To determine the velocity attained by a particle starting from rest and experiencing variable acceleration described by the equation f = kt, we can integrate the equation to obtain the velocity as a function of time.

**Integration of Acceleration Function**

The given equation f = kt represents the variable acceleration experienced by the particle. Here, f represents the force acting on the particle, k is a constant, and t is the time.

We know that acceleration is the rate of change of velocity with respect to time. Therefore, we can write:

a = dv/dt,

where a is the acceleration and v is the velocity.

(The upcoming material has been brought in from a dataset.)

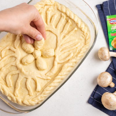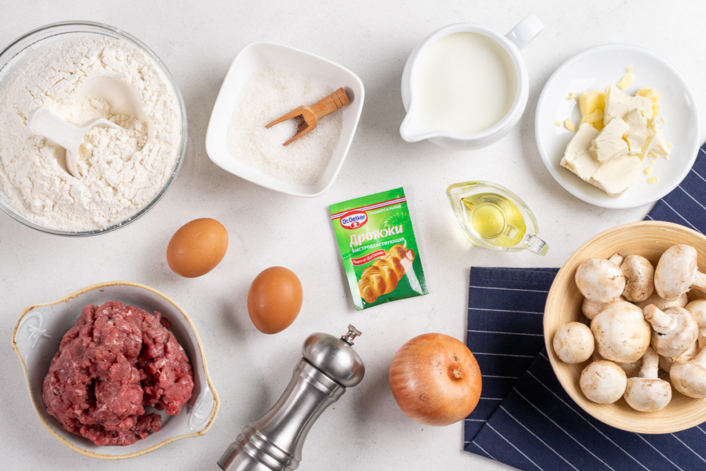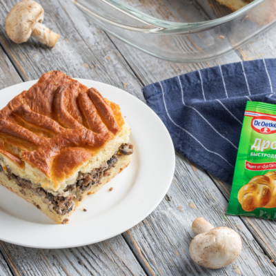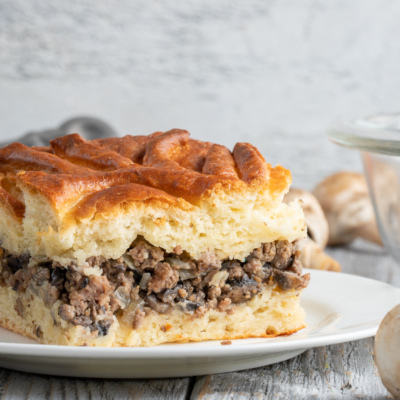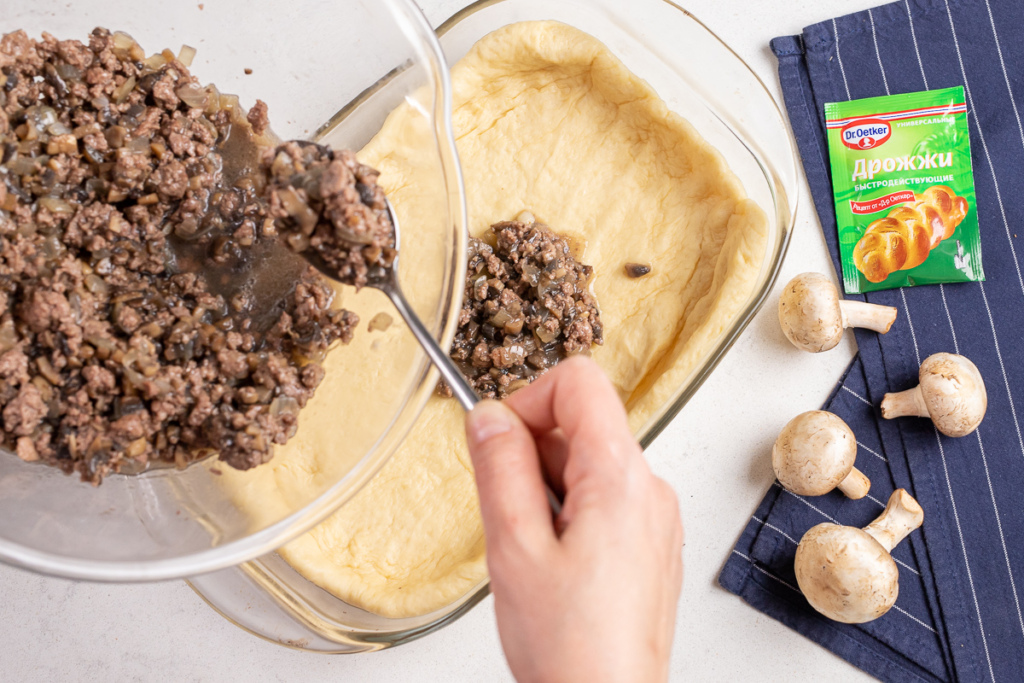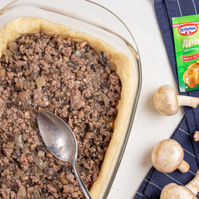 Batafsil fotoretsept: go’sht va qo’ziqorinli oshirma pirog

Since the force acting on the particle is given by f = kt, we can substitute this into the equation for acceleration:

kt = dv/dt.

**Integration Process**

To find the velocity as a function of time, we can integrate both sides of the equation with respect to time:

∫kt dt = ∫dv.

Integrating both sides gives:

(1/2)kt^2 + C1 = v,

where C1 is the constant of integration.

**Applying Initial Conditions**

Given that the particle starts from rest, its initial velocity v(0) = 0. We can substitute this condition into the equation:

(1/2)k(0)^2 + C1 = 0,
C1 = 0.

Thus, the equation becomes:

(1/2)kt^2 = v.

**Velocity as a Proportional Function**

From the above equation, it is clear that the velocity attained at the end of time t is directly proportional to the square of time. As time increases, the velocity of the particle increases as well.

Therefore, the velocity attained at the end of time t is proportional to t^2.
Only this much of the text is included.